O rope jump é uma modalidade que usa cordas estáticas, sem elasticidade, e após a queda faz um movimento de balanço, como um pêndulo. No bungee jump, modalidade mais conhecida, a corda elástica faz a pessoa cair e quicar para cima e para baixo repetidas vezes.

Seis pessoas presas

Três homens foram presos em flagrante logo após a morte da jovem, no sábado (13). Eles são os instrutores que aparecem em um vídeo lançando Maria Eduarda da ponte: Luis Felipe Feliciano Egoroff, de 32 anos; Maicon Fernandes Cintra, de 42 anos; e Vitor de Freitas Gonçalves, de 27 anos. Os três tiveram a prisão convertida em preventiva e foram transferidos do Centro de Detenção Provisória (CDP) de Piracicaba (SP) para o CDP II de Guarulhos (SP) para terem a integridade física resguardada, segundo o advogado Rafael Gomes dos Santos, que representa dois dos instrutores. Na semana passada, a Justiça negou pedido de habeas corpus.
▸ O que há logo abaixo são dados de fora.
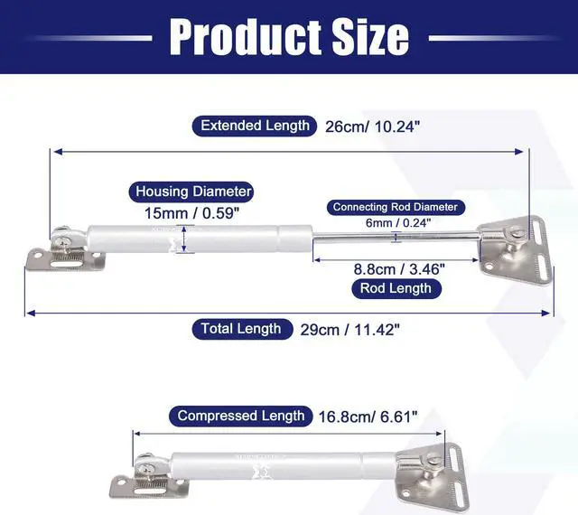Note: Do not compress them by hands before installation, the struts could only be compressed after installing successfully. After installation, the lid/cover would be opened or closed smoothly. Working temperature: -25 Degree Celsius70 Degree Celsius.

Já na manhã de sábado (20), a polícia prendeu mais três pessoas de forma temporária. Eles integravam a equipe responsável pela organização e execução da atividade: Evelyne dos Santos Gonçalves, de 29 anos, no Rio de Janeiro (RJ), responsável pela empresa informal que realizava os saltos; um homem de 25 anos, de Limeira; e um homem de 27 anos, de Indaiatuba (SP).

Supressão de provas

“No curso das apurações, foram reunidos elementos que indicam possível supressão de provas relevantes para a investigação, especialmente relacionadas ao desaparecimento do equipamento de captação de imagens utilizado pela vítima durante o salto”, explica a delegada Andréa Levy. Os três são suspeitos de apagar conteúdos digitais relevantes ao esclarecimento do caso e de desaparecer com a câmera que gravava o salto e que estava presa em Maria Eduarda, informou a Secretaria de Segurança Pública de São Paulo (SSP) em nota. A câmera é considerada essencial pelos investigadores para a reconstrução do caso.